Stevie swiped a hand through her hair. “Okay, well, narcissistic heroes notwithstanding, we should walk.”
“Walk.”
“Hand in hand.”
“Lazily, while we search for shells to leave on each other’s pillows?”
Stevie held out her hand. “Now you’re getting it.”
Iris eyed Stevie’s hand, hesitating only a second before slipping her fingers into Stevie’s palm. The contact zinged up her arm, causing an eruption of goose bumps, which was ridiculous.
Romance was nothing but brain chemicals and some pretty words, a nice setting. That’s all it was. A fiction brains told to hearts.
Still, Iris gave in to it, if just for Stevie’s sake. They walked along the shore for a while, swinging their hands between them. They searched for shells, scooping up the unbroken pink-and-white treasures in the sand and slipping them into their pockets. They talked about nothing, about everything. Iris learned that Stevie was allergic to strawberries, a tragedy in her mind, and she told Stevie about Paper Wishes and how she had to close it down last year.
“Tell me about your book,” Stevie asked. “The one you’re writing. I already read up on Until We Meet Again.”
Iris smiled. “You did?”
Stevie gave her a look. “Of course I did.”
“Well,” Iris said, her cheeks warming, “this new one is about . . .”
She hesitated, feeling suddenly shy about the turn her book had taken.
“What?” Stevie asked. “What’s it about?”
Iris squeezed Stevie’s fingers. “It’s about a vintner and a wine critic.”

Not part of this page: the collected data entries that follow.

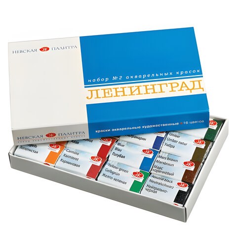 Краски акварельные художественные "Ленинград-2", 16 цветов, кювета 2,5 мл, картонная коробка, Невская Палитра, 1941020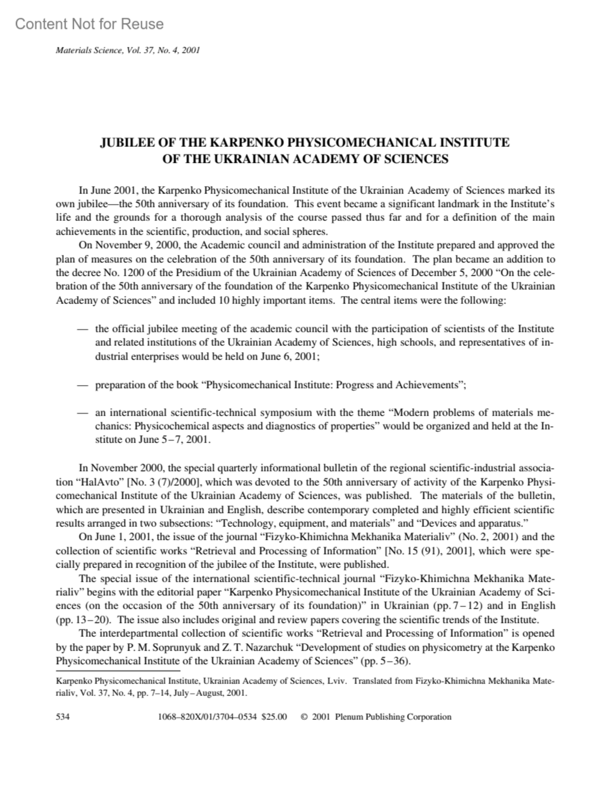 JUBILEE OF THE KARPENKO PHYSICOMECHANICAL INSTITUTE OF THE UKRAINIAN ACADEMY OF SCIENCESMarynets, V. P.Author informationScientific Secretary of the Karpenko Physicomechanical Institute of the Ukrainian Academy of SciencesMaterials Science 37(4):p 534-543, July-August 2001.Copyright ©2001 Kluwer Academic Publishers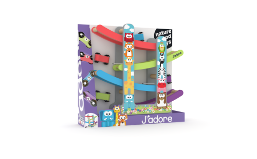 J`adore je řada vzdělávacích hraček pro nejmenší, vyrobených z ekologicky udržitelného dřeva, bez chemikálií. Produkt je vhodný pro děti od 18 měsíců. Sjeďte po rampě autíčkem a buďte první. Produkt rozvíjí dětskou představivost, jemné motorické dovednosti, koordinaci ruka-ok. Sada obsahuje 4 barevná dřevěná auta, která závodí až do samého konce.

Stevie’s eyes went wide, and she stopped, twirling Iris around to face her, a grin on her mouth. “Like, your idea from the other night in your apartment?”
Iris nodded. “It was a good idea. And you really did help make it feel . . . real.”
Stevie beamed, her amber eyes bright even under the darkening clouds. “I’m so glad. It was a good idea. I can’t wait to read it.”
Iris grinned back, but it fell away as the first drops fell from the sky. The shower quickly turned into a steady rain, soaking both of them within seconds.
“Oh my god,” Stevie said, wiping her hair from her face. “I guess we should head back.”
Iris nodded and started to turn back toward the house, then froze.
“Hang on,” she said, taking Stevie’s hand.
“You okay?” Stevie asked.
Iris nodded, rain sluicing down her face. She watched beads of water gather on Stevie’s mouth, had the sudden urge to lick them away.
Instead, she pulled Stevie close.
“This feels like something we should do,” she said. “Dance in the rain on the beach.”
Stevie’s mouth opened a little, but then she smiled. “Look at you.”
“I’m a fast learner.”
“I see that,” Stevie said softly. “Is that going to be our thing—or your characters’ thing? They dance all over the city, finding super weird and unique situations to dance?”